### Data records:
· · · · · · ·

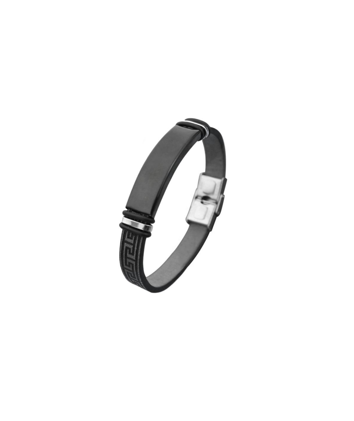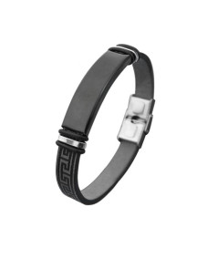 Pulsera para hombre, Especial dia del Padre de cuero negro con greca y placa central de acero color negro
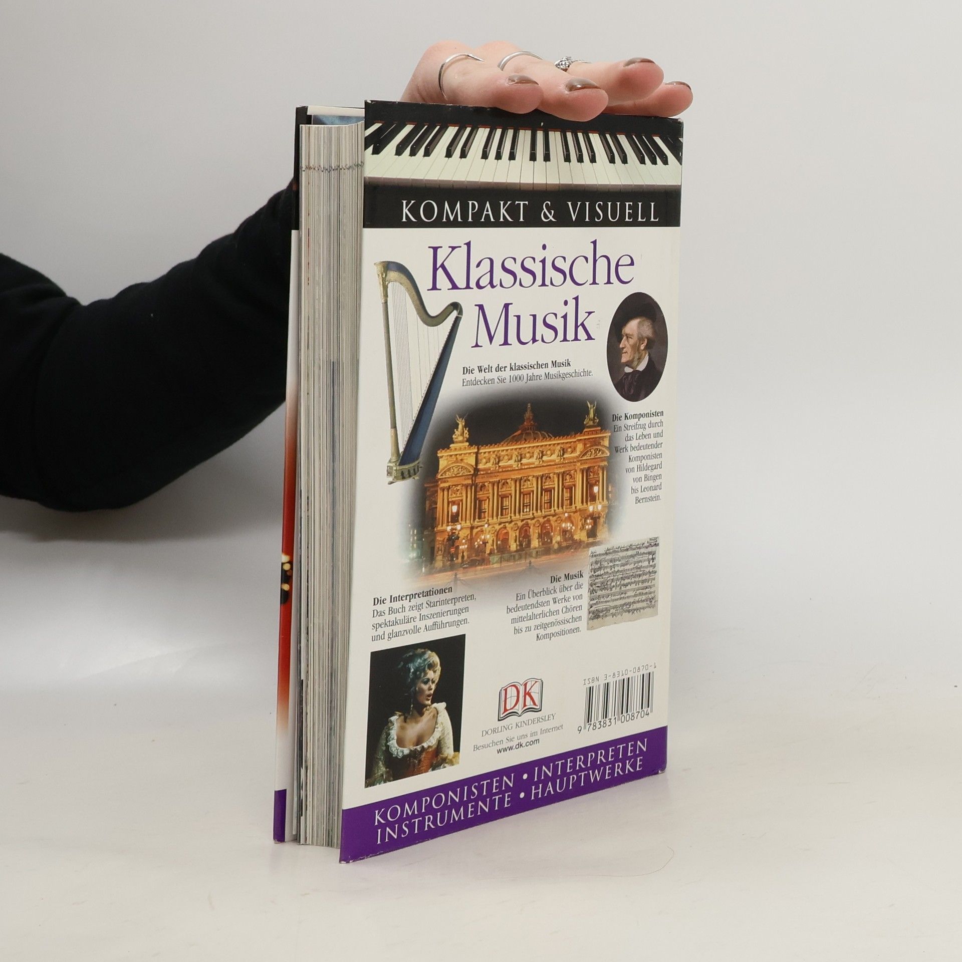 1000 Jahre Musikgeschichte in einem Band – von den gregorianischen Gesängen bis zu Filmmusik des 20. Jahrhunderts. Dieses kompakte Handbuch bietet einen fachkundigen Überblick über die Geschichte der klassischen Musik. Nach einer thematischen Einführung in Noten- und Harmonielehre sowie in die Aufführungspraxis liefert ein enzyklopädischer Katalog detaillierte Profile aller großen Komponisten und Interpreten mit Biografie, Charakteristika und Werkporträts. Zum Nachschlagen und Schmökern - für Liebhaber und Kenner, Musikschüler und -studenten. Wissen kompakt in bewährter Dorling-Kindersley-Qualität.
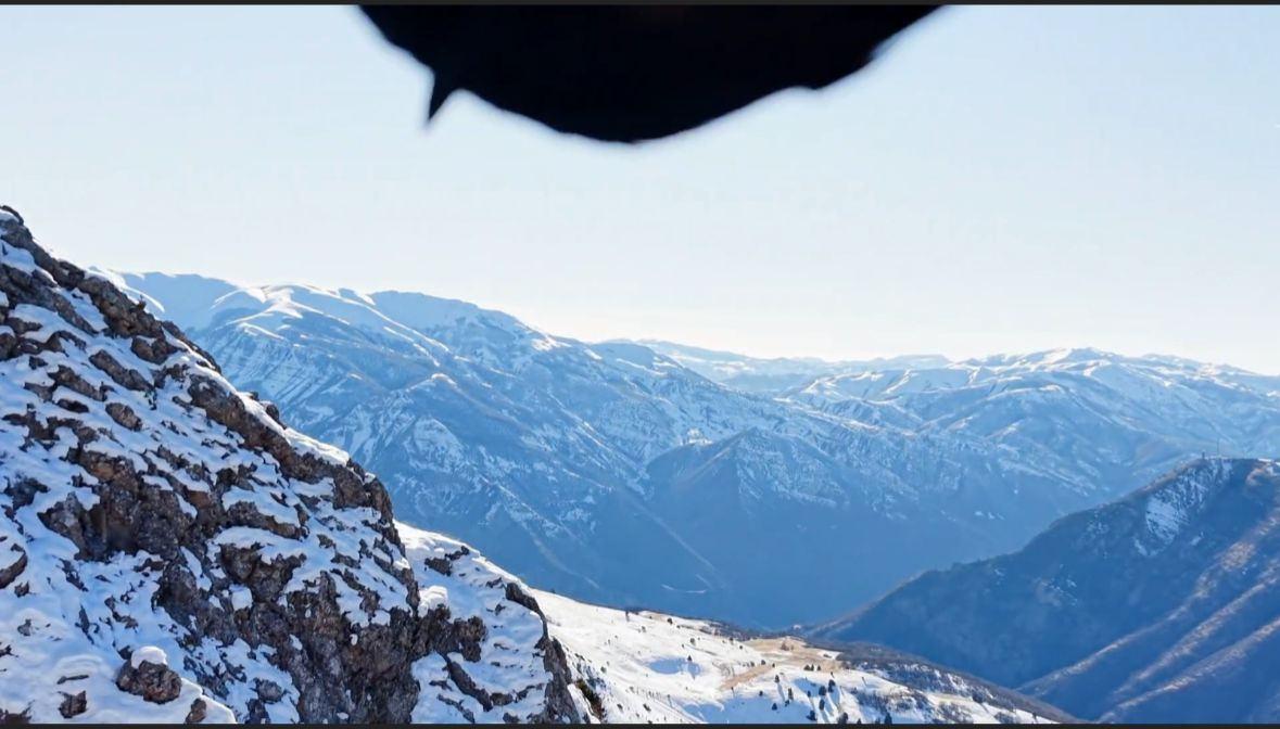 Ovacık ilçesindeki karla kaplı 3 bin rakımlı Sultan Baba Dağı’nda kenttin tanıtımı için dronla görüntü çeken Tunceli Müzesi arkeoloğu Özgür Şahin’in dronu, havada süzülen kartalın ilgisini çekti.
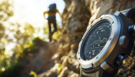Close up of a smartwatch displaying altitude data, with a blurred hiker ascending a rocky mountain trail in the background
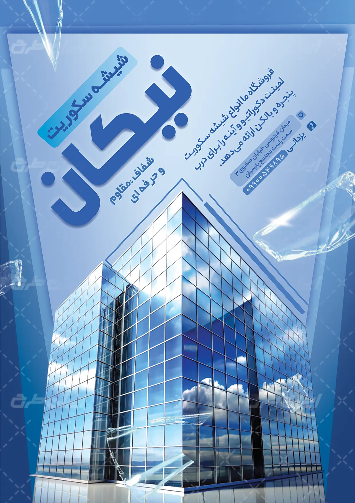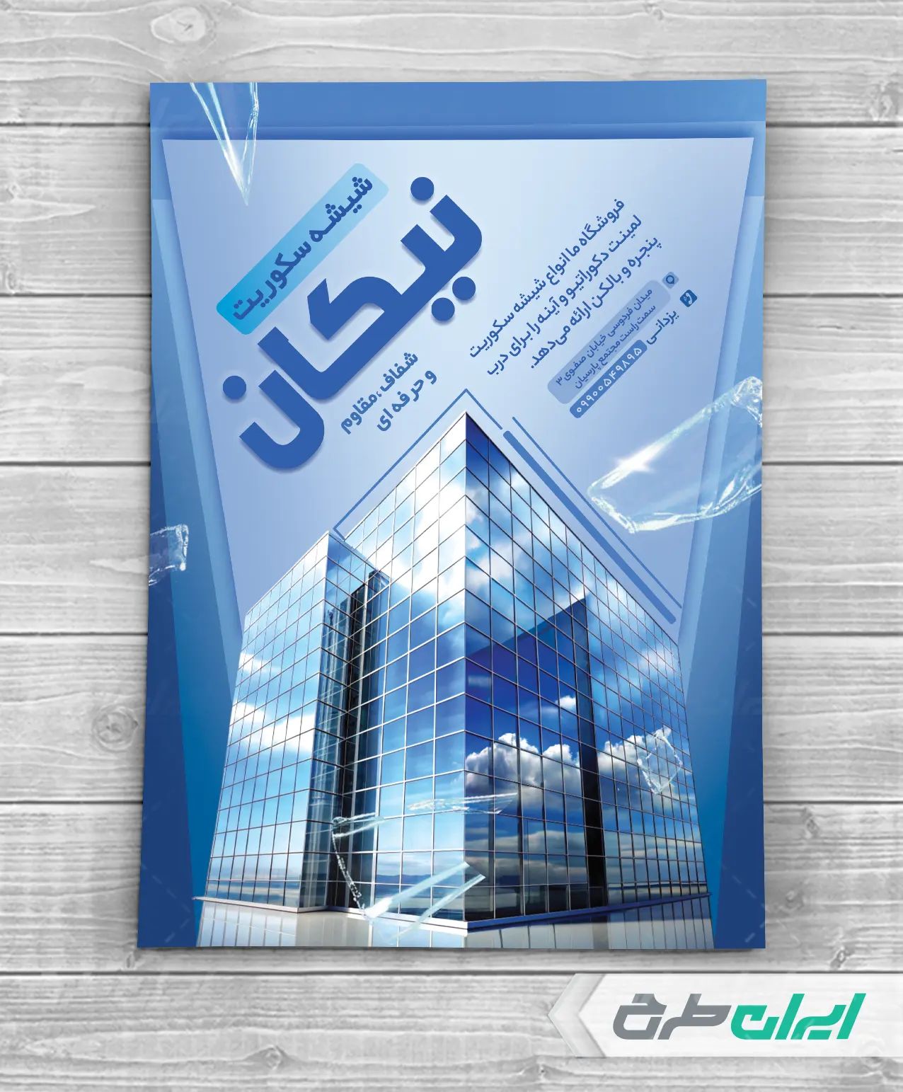- طراحی ساده و کاربردی طرح تراکت شیشه سکوریت

· · · · · · ·

### Required action:
Reproduce the records above exactly, leaving out every picture they contain.

### Output:
 Pulsera para hombre, Especial dia del Padre de cuero negro con greca y placa central de acero color negro
 1000 Jahre Musikgeschichte in einem Band – von den gregorianischen Gesängen bis zu Filmmusik des 20. Jahrhunderts. Dieses kompakte Handbuch bietet einen fachkundigen Überblick über die Geschichte der klassischen Musik. Nach einer thematischen Einführung in Noten- und Harmonielehre sowie in die Aufführungspraxis liefert ein enzyklopädischer Katalog detaillierte Profile aller großen Komponisten und Interpreten mit Biografie, Charakteristika und Werkporträts. Zum Nachschlagen und Schmökern - für Liebhaber und Kenner, Musikschüler und -studenten. Wissen kompakt in bewährter Dorling-Kindersley-Qualität.
 Ovacık ilçesindeki karla kaplı 3 bin rakımlı Sultan Baba Dağı’nda kenttin tanıtımı için dronla görüntü çeken Tunceli Müzesi arkeoloğu Özgür Şahin’in dronu, havada süzülen kartalın ilgisini çekti.
Close up of a smartwatch displaying altitude data, with a blurred hiker ascending a rocky mountain trail in the background
- طراحی ساده و کاربردی طرح تراکت شیشه سکوریت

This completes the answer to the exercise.